Engine-Tender Buffering

Franklin-type Engine-Tender Buffer Mechanism


A Franklin-type radial buffer provides a rigid connection between a locomotive and tender, allowing no relative movement in the fore-and-aft direction but allowing relative radial movement for negotiating curves.

The diagram of a Franklin radial buffer (below) illustrates the basic principle where two wedges are pressed towards each other by coil springs, forcing the radial buffers (one on the engine and the other on the tender) to maintain contact with one-another through their respective buffing plates.

More detailed information, including a marked-up version of this diagram and photographs of Franklin radial buffers, can be found on Hugh Odom’s Ultimate Steam website at http://www.trainweb.org/j.dimech/6167/e1rb.html.

David Wardale specified a Franklin-type radial buffer between the engine and tender of the 5AT in order to use the inertia of the 80 tonne tender to minimize the fore-and-aft “rocking” sensation often experienced with two-cylinder locomotives, this rocking motion being caused by unbalanced inertial forces from the reciprocating masses – viz: pistons, piston rods, crossheads and connecting rod ends.

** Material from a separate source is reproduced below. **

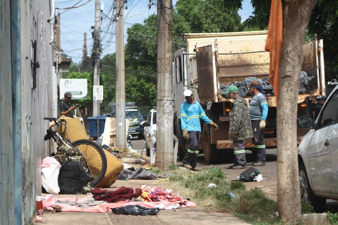 A ação, que contou com a presença de cães farejadores, também apreendeu drogas. Segundo as forças de segurança, a operação foi deflagrada após reclamações de furtos na região, de sujeira, urina e fezes espalhadas pelo entorno, além de colchões, roupas e papelões ocupando a via. Equipes da Sisep ( Secretaria Municipal de Infraestrutura e Serviços Públicos) usaram caminhão para fazer a limpeza da via.
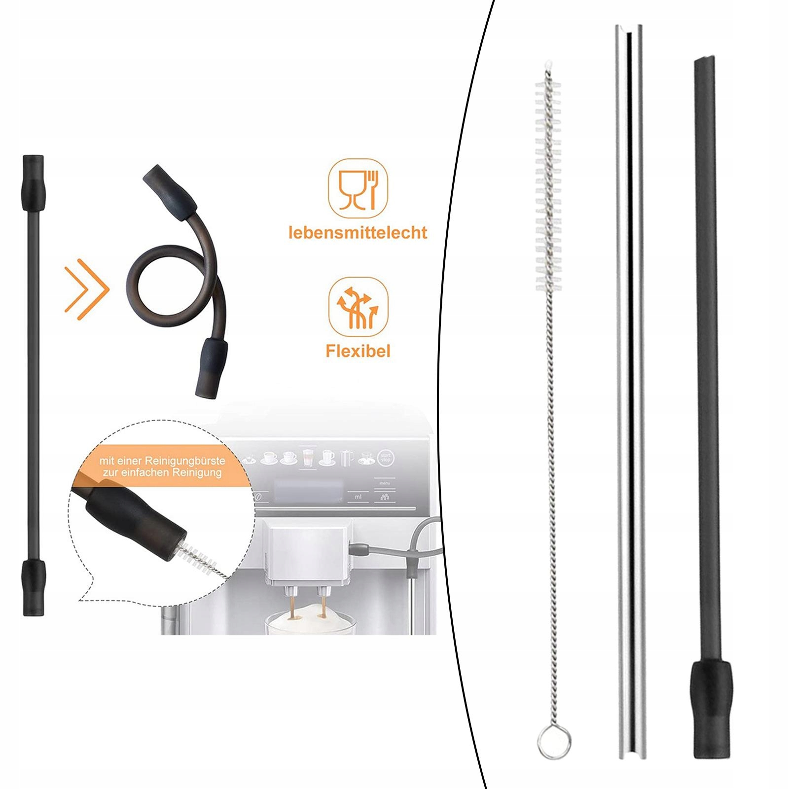 Продукция: В комплекты для замены полностью автоматической кофемашины входят молочный шланг из нержавеющей стали, силиконовый молочный шланг и щетка для чистки.

The amount and position of balance weights on a locomotive’s driving wheels are often adjusted to partially offset the horizontal inertial forces resulting in radial imbalance that produces hammer blow which can cause damage to track.

Wardales specification for the 5AT included the requirement that “the engine-tender drawgear shall be of the ‘solid’ (unsprung) type, with a spring-loaded friction-damped intermediate radial buffer (e.g. of the Franklin type), this arrangement giving an engine-tender coupling that allows the mass of the tender to act effectively to reduce fore-and-aft accelerations due to the unbalanced reciprocating masses”.